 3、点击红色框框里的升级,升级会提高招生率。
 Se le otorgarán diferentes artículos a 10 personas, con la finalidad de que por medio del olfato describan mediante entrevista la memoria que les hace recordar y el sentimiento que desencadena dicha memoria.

==

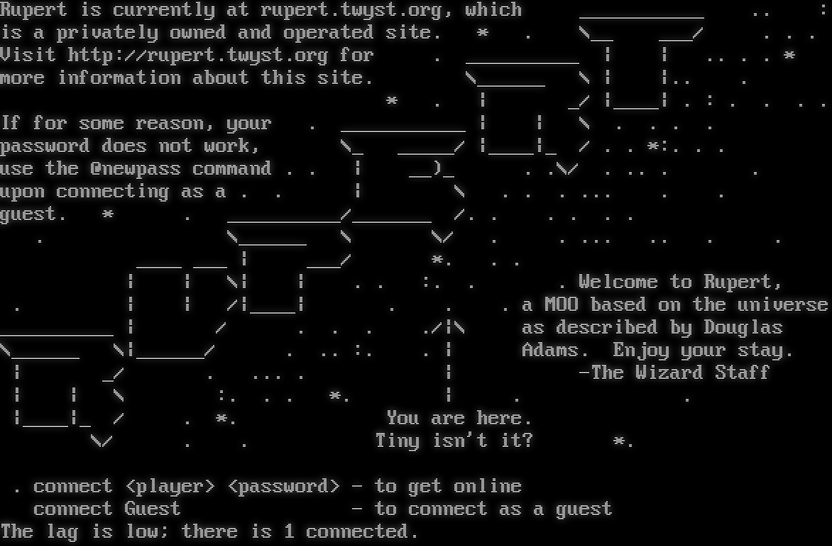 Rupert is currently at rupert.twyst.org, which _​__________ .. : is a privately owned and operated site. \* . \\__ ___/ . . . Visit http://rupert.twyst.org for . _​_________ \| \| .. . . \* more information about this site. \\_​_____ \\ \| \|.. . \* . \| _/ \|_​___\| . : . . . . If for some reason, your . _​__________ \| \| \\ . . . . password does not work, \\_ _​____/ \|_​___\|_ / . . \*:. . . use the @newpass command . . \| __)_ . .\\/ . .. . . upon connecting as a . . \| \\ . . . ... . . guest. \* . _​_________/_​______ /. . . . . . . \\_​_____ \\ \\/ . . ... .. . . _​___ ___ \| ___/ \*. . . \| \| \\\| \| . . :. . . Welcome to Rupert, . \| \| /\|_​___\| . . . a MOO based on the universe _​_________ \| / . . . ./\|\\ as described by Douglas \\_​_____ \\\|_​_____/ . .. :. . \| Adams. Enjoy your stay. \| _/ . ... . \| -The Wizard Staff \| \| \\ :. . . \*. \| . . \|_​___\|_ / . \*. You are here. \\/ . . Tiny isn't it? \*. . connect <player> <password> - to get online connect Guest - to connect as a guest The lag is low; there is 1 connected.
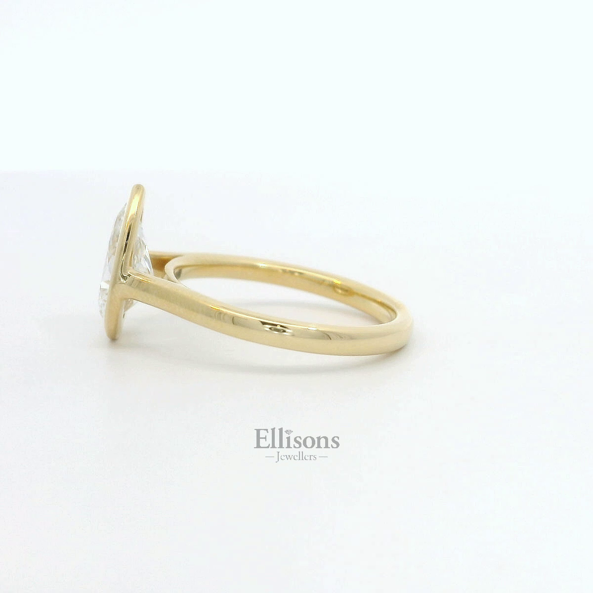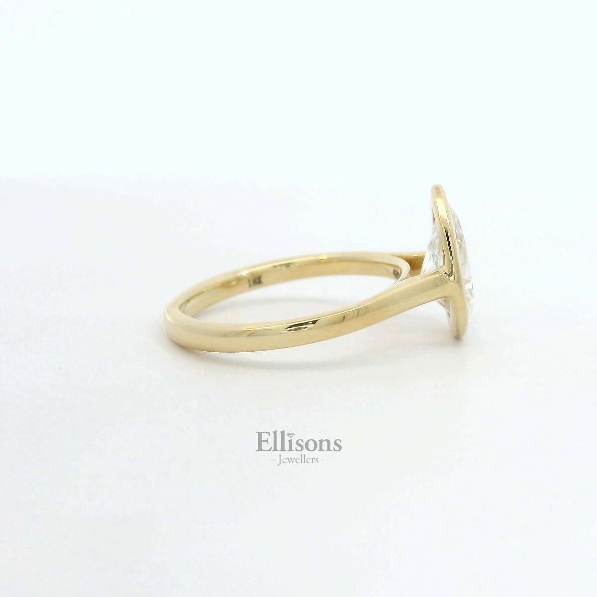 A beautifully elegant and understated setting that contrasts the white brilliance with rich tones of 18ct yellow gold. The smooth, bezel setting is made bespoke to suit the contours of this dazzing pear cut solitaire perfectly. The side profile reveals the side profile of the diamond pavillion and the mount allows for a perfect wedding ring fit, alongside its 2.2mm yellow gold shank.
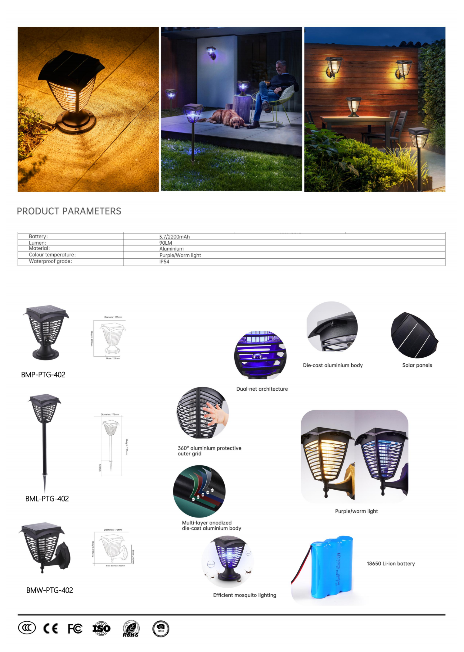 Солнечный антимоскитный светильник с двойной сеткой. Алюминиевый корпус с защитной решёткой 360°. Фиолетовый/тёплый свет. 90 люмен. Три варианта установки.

---

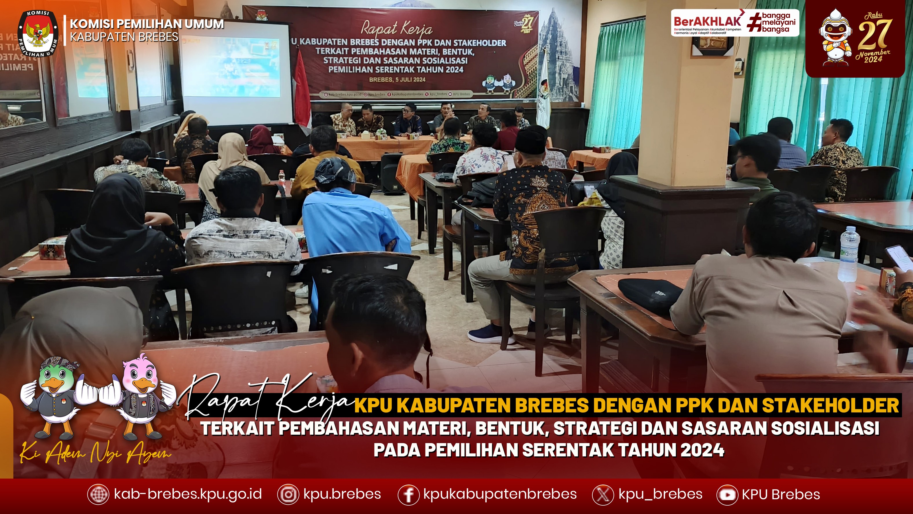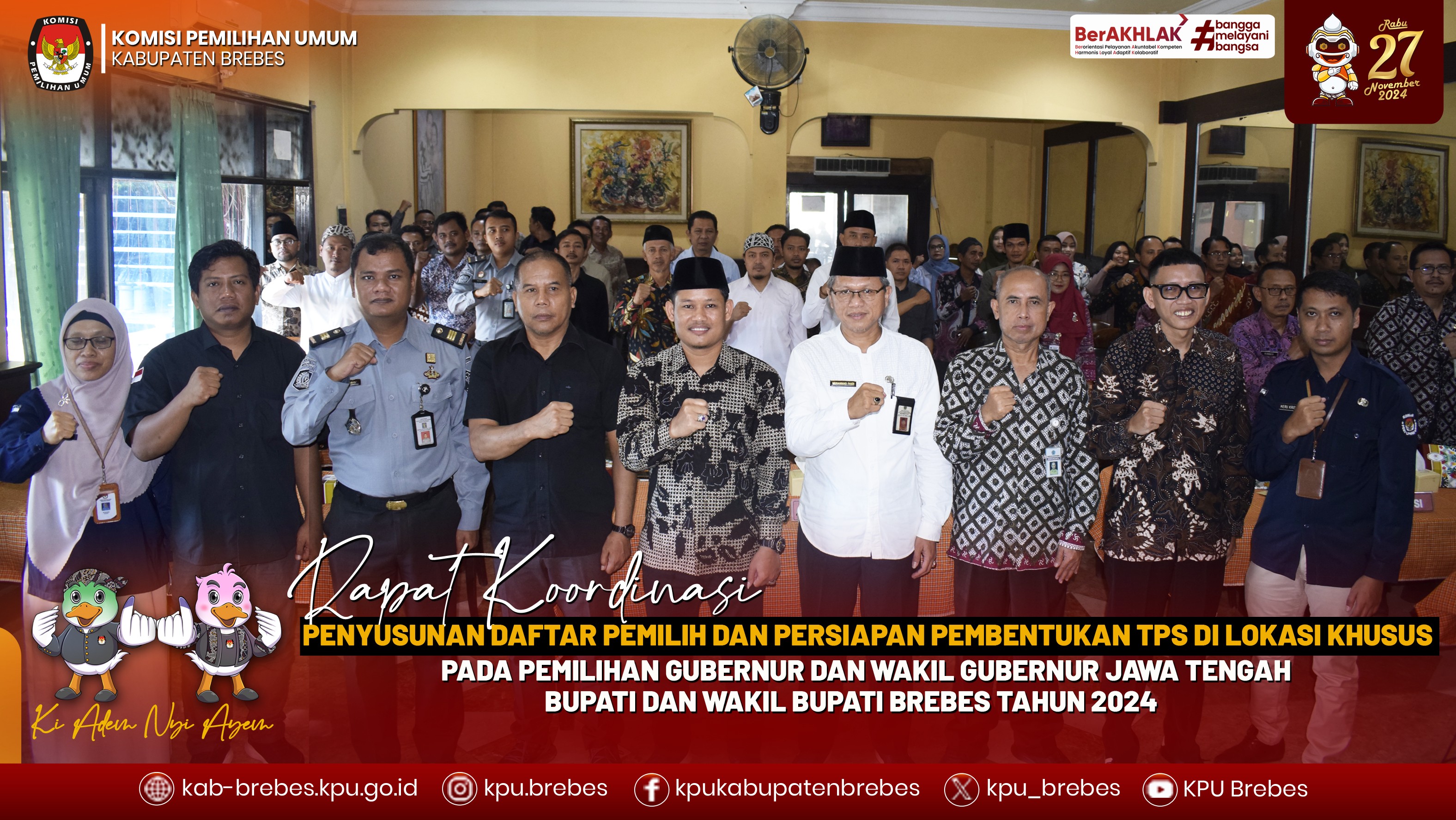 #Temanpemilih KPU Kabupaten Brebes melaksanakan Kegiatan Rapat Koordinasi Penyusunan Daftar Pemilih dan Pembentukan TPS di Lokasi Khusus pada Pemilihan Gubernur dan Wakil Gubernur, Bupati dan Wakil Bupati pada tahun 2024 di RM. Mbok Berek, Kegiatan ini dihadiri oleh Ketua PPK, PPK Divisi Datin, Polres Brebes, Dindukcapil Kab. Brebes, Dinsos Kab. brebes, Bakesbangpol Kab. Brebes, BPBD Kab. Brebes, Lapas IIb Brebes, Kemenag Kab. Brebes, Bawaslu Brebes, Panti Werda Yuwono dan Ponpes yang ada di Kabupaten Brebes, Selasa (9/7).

▸ THE PROBLEM: What you return must match, character for character, the lines above from the one with "Rupert is currently" through the one with "Солнечный антимоскитный светильник", minus any pictures.

▸ ANSWER SECTION:
 Rupert is currently at rupert.twyst.org, which _​__________ .. : is a privately owned and operated site. \* . \\__ ___/ . . . Visit http://rupert.twyst.org for . _​_________ \| \| .. . . \* more information about this site. \\_​_____ \\ \| \|.. . \* . \| _/ \|_​___\| . : . . . . If for some reason, your . _​__________ \| \| \\ . . . . password does not work, \\_ _​____/ \|_​___\|_ / . . \*:. . . use the @newpass command . . \| __)_ . .\\/ . .. . . upon connecting as a . . \| \\ . . . ... . . guest. \* . _​_________/_​______ /. . . . . . . \\_​_____ \\ \\/ . . ... .. . . _​___ ___ \| ___/ \*. . . \| \| \\\| \| . . :. . . Welcome to Rupert, . \| \| /\|_​___\| . . . a MOO based on the universe _​_________ \| / . . . ./\|\\ as described by Douglas \\_​_____ \\\|_​_____/ . .. :. . \| Adams. Enjoy your stay. \| _/ . ... . \| -The Wizard Staff \| \| \\ :. . . \*. \| . . \|_​___\|_ / . \*. You are here. \\/ . . Tiny isn't it? \*. . connect <player> <password> - to get online connect Guest - to connect as a guest The lag is low; there is 1 connected.
 A beautifully elegant and understated setting that contrasts the white brilliance with rich tones of 18ct yellow gold. The smooth, bezel setting is made bespoke to suit the contours of this dazzing pear cut solitaire perfectly. The side profile reveals the side profile of the diamond pavillion and the mount allows for a perfect wedding ring fit, alongside its 2.2mm yellow gold shank.
 Солнечный антимоскитный светильник с двойной сеткой. Алюминиевый корпус с защитной решёткой 360°. Фиолетовый/тёплый свет. 90 люмен. Три варианта установки.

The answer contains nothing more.